(Data records)
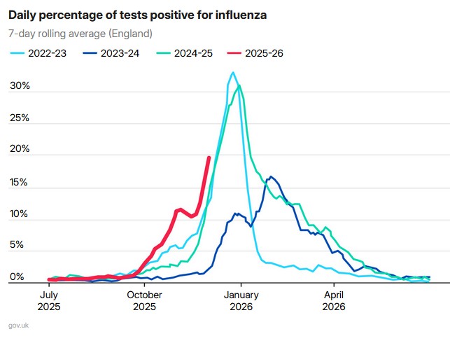 Плюс “сезон гриппа” какой-то запоздалый, поскольку традиционно народ начинает умываться соплями уже в октябре/ноябре, в декабре самый пик. Это происходит потому, что как только холодает – а это как раз конец осени – народ больше тусуется в помещении и воздерживается от его проветривания. Отсюда и вспышки гриппов.
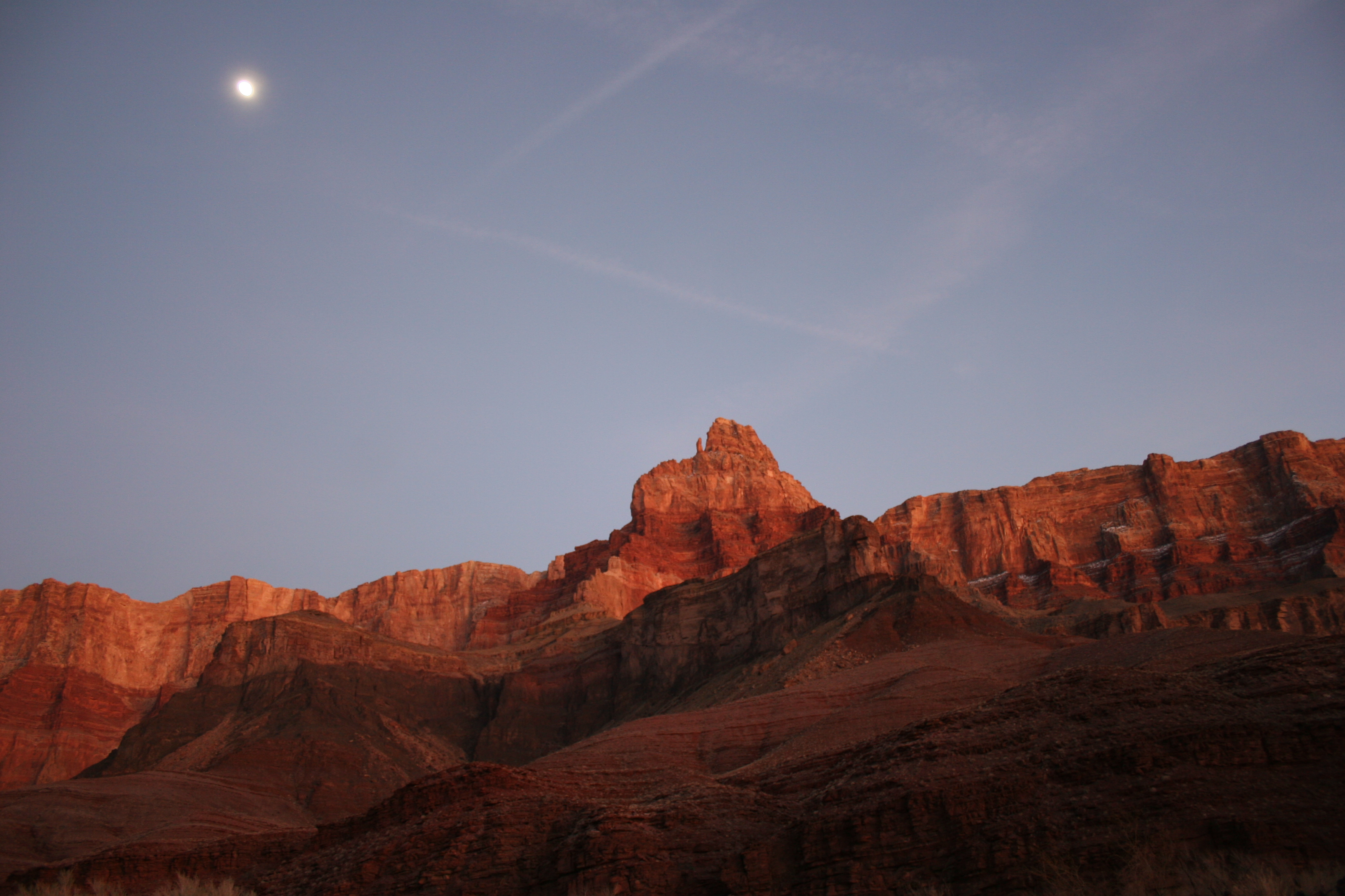 ^ Moon over the mesa - The early evening when the sun sets and the moon starts to rise is the time when the canyon really comes into its own. The light changes continually and the shifting hues of the rock colour make the hardship and work all worth it.
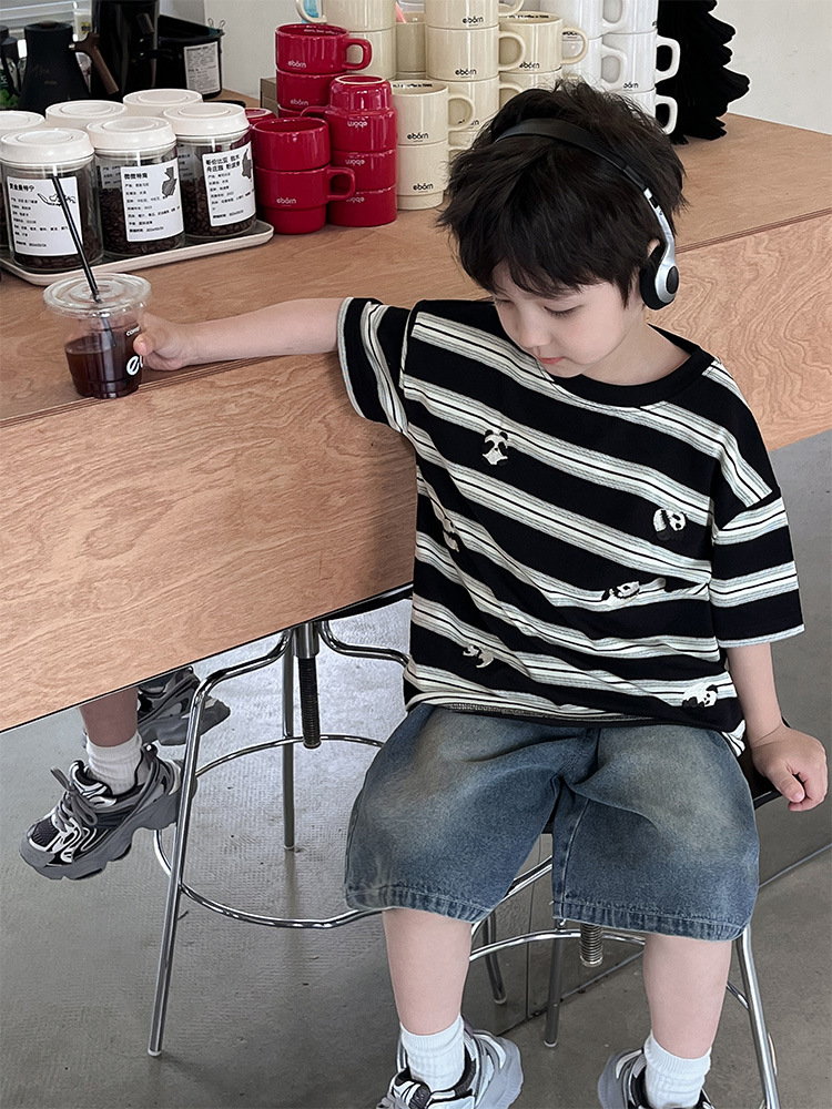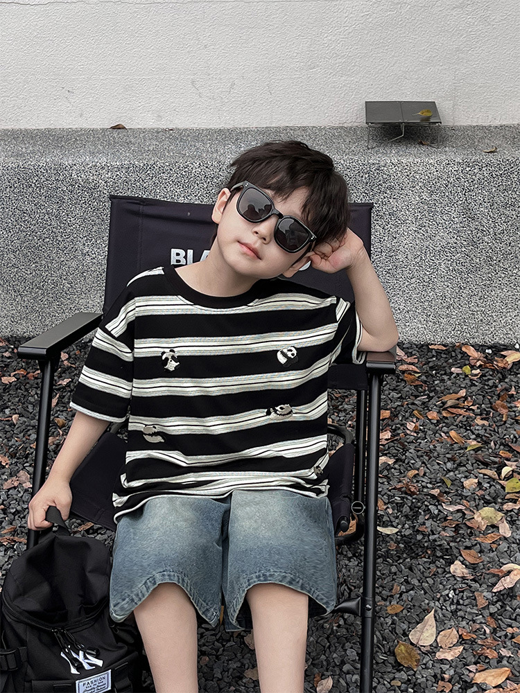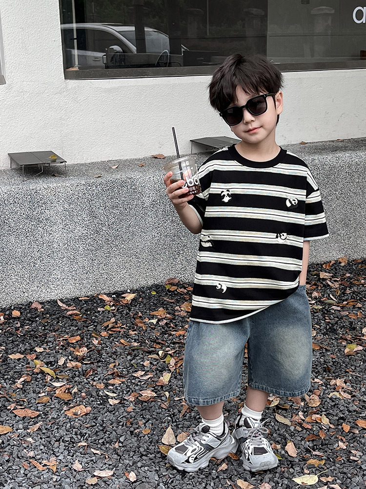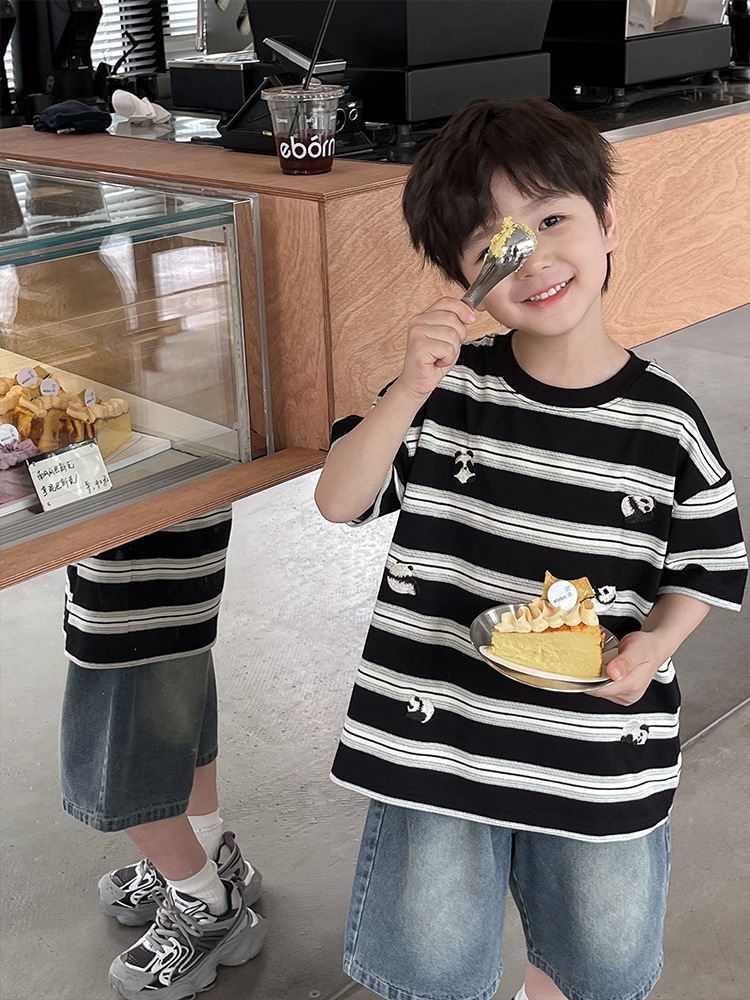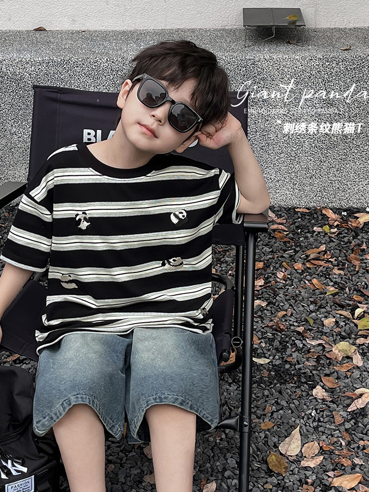 童酷湖州织里童装儿童夏装新品宝宝T恤可爱刺绣熊猫男童短袖
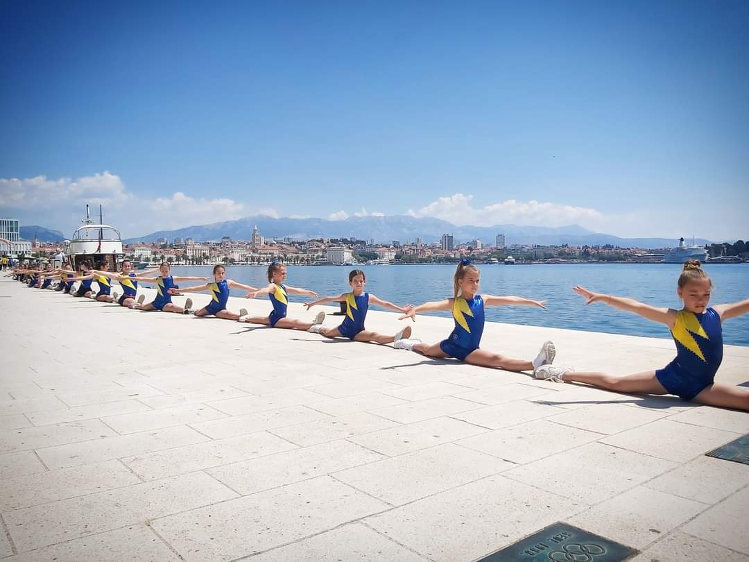 Naime, neobična vještina se odvijala u šest gradova istovremeno, uz Split tu su Rijeka, Zadar, Zagreb, Osijek i Čakovec te su tako mali gimnastičari formirali špagu duljine 370 metara.
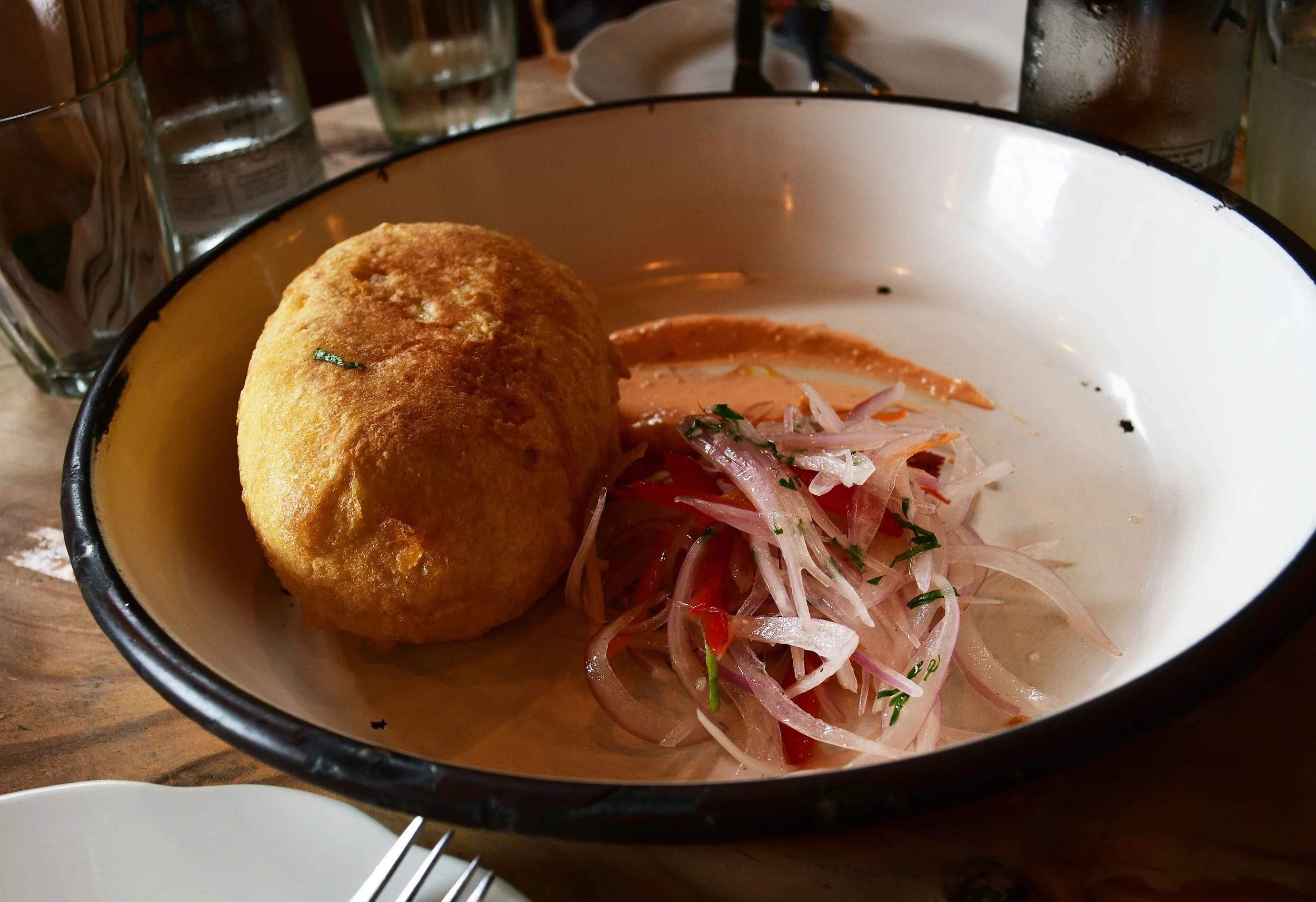 What didn’t work for me was the coffee shop start where I politely drank a strong but uninteresting espresso, and the then boring, ubiquitous craft beer stop. Both of these things I could do at home in Sussex, but I don’t particularly like either, I had wanted to eat and drink the local food. However the rest of it was very good. We went to the Isolina restaurant where I had a my first ever pisco sour, and then some very tasty food including papa rellena, stuffed potato, and xxxx. It was slightly disconcerting eating so enthusiastically while the brothers watched me and took notes.

### What you will do
Look above for the line containing "童酷湖州织里童装儿童夏装新品宝宝T恤可爱刺绣熊猫男童短袖", then write out every line from there down to the line containing "Naime, neobična vještina", that line included, with no pictures.

### Output of the task
 童酷湖州织里童装儿童夏装新品宝宝T恤可爱刺绣熊猫男童短袖
 Naime, neobična vještina se odvijala u šest gradova istovremeno, uz Split tu su Rijeka, Zadar, Zagreb, Osijek i Čakovec te su tako mali gimnastičari formirali špagu duljine 370 metara.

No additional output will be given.